#### Archived

This topic is now archived and is closed to further replies.

# Standard Deviance and Outlier help

## Recommended Posts

Basically I\'m just trying to switch my current sql statement which finds averages to do the same, but omit outliers. Here\'s my first one:

`"SELECT a.*, AVG(b.rating) as rating FROM rand_thoughts a, ratings b WHERE b.rid=a.id GROUP BY b.rid ORDER BY rating DESC"`

Works fine, but say you have the set of votes (from 1-10)

7

7

7

8

6

1

The outlier would obviously be one, and it would throw the voting. So I remembered finding the IQR in math class (I was so shocked that I was using something I actually learned, I\'ll have to tell my math teacher) to calculate the outliers after you\'ve found the 25th and 75th quartiles. But the problem is with the sql statement, this is what I\'ve come up with.

`"SELECT a.id, b.rating FROM rand_thoughts a, ratings b WHERE b.rid=a.id && (b.rating > (AVG(b.rating)-STD(b.rating))) && (b.rating < (AVG(b.rating)+STD(b.rating) * .675)) GROUP BY b.rid"`

I\'m pretty sure the logic works, but my problem is it gives me an error. This is the error from mysql_error():

`Invalid use of group function`

I\'ve searched google and all the programming forums that I know of, that\'s part of how I initially came up with finding the standard deviance to check for outliers.

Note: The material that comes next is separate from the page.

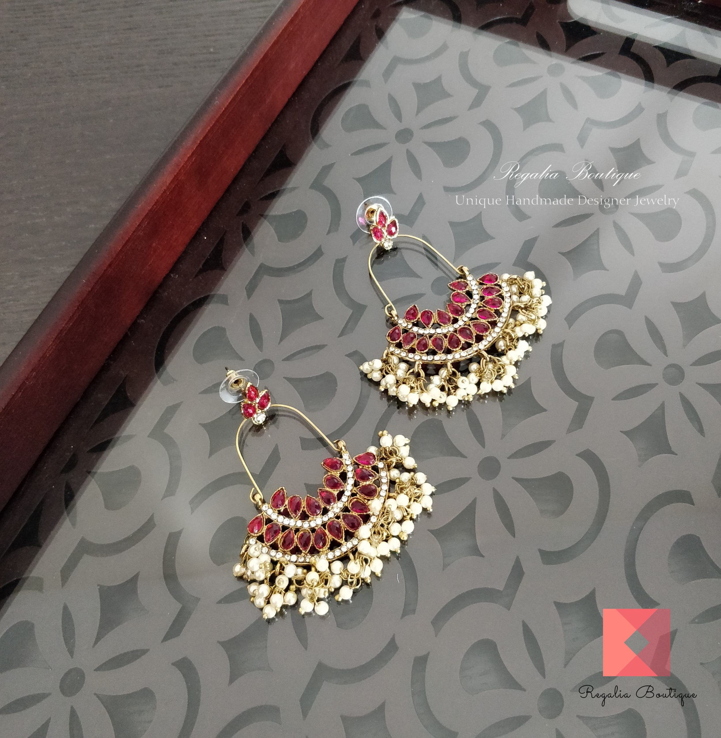 Ruby and Pearl Studded Earrings quantity

Anyway, any help or suggestions would be great.

Thanks.

##### Share on other sites

You cannot group by something you haven\'t selected.

Try ... GROUP BY a.id ...

##### Share on other sites

I fixed what you suggested. I think I just did that while trying all the different ways trying to get it to work. I\'ve managed to get this to work in 2 seperate queries but I really hate to do that if I have to. This is what I\'m working with now.

`"SELECT a.id, b.rid, b.rating FROM rand_thoughts a, ratings b WHERE b.rid=a.id && (b.rating > (AVG(b.rating)-STD(b.rating))) && (b.rating < (AVG(b.rating)+STD(b.rating) * .675)) GROUP BY b.rid"`

I still get the same error.

##### Share on other sites

You\'re selecting where a.id = b.rid therefore, if they are always the same, why select both?

SELECT a.id, b.rating FROM rand_thoughts a, ratings b WHERE b.rid=a.id

GROUP BY a.id, b.rating

HAVING (b.rating > (AVG(b.rating)-STD(b.rating))) && (b.rating < (AVG(b.rating)+STD(b.rating) * .675))